Latifundistas y monseñores contradecían así las enseñanzas de Jesucristo y los enunciados de la encíclica Rerum Novarum (1891), del papa León XIII, considerada la doctrina social de la Iglesia. El documento vaticano proponía un equilibrio que morigerara conflictos entre el capital y el trabajo, cuando el apogeo de la revolución industrial y el marxismo en fermento auguraban un enfrentamiento, que finalmente se dio. Uribe, desde sus principios liberales, resulto ser más papista que el papa, mientras que capitalistas salvajes y monseñores se hacían los sordos. Así “se obedece, pero no se cumple”, que practicaron los administradores reales durante la colonia.

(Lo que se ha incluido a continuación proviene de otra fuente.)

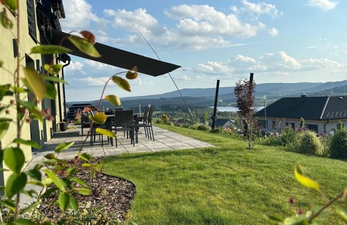 Outside, the chalet's allure continues with a large terrace offering breathtaking views of Lipno Lake and the lush Šumava landscape. The garden, a vast expanse perfect for disconnecting from the digital world and reconnecting with nature. Whether it's basking in the serene atmosphere or enjoying a moment of tranquility in the spa house (available for an additional payment), which features a Finnish sauna for 4 people and a large hot tub for 6, the outdoor offerings make every stay magical.
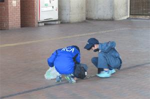| JRスペースワールド駅構内でクリーンアップ活動を行う団員 | JRスペースワールド駅構内で排水溝に捨てられた タバコの吸い殻を一心不乱に拾う団員 |

Esa postura del ideólogo liberal motivó a cualquier prepotente capitalista para preguntarle: ¿Usted lo que quiere es acabar con los ricos? A lo que contestó: No, yo lo que quiero es acabar con los pobres. El corolario de esas diferencias fue el asesinato del dirigente, a golpes de hachuela, en las escalas del Capitolio Nacional, por dos humildes obreros, Galarza y Carvajal, inducidos por oscuros patrocinadores que nunca se revelaron.     
Después del estruendoso fracaso del comunismo, ha aparecido en Latinoamérica un remedo de socialismo, depredador y politiquero, que quiere perpetuarse sobre la base de electores comprados con limosnas, mientras se destruye el sistema productivo y se espanta la inversión. A eso le apuntan dirigentes atosigados de doctrinas populistas, que se tragan sin masticar y no digieren. El pueblo colombiano tiene que impedir que eso suceda, como en Argentina, Bolivia, Chile, Perú y Nicaragua, y se destruya el sistema productivo, estimulando de paso la lucha de clases, para provocar una catástrofe institucional de difícil reconstrucción. El objetivo del gobierno de Petro, que apenas comienza, debe ser pasar a la historia con honores. Algunos de los ministros que nombró le harán mucho daño a su gobierno y a los colombianos. Lo razonable y patriótico es que no espere a que digan como el borracho: “No me empujen que yo me caigo solo”. Túmbelos. Busque alianzas con los empresarios, y procure apoyar el emprendimiento; tienda puentes en vez de levantar muros y, como el general Uribe, propóngase acabar con los pobres, con bienestar, oportunidades, educación y trabajo. Para eso son los recursos del Estado, no para pagar favores de campaña y para montar pedestales ególatras.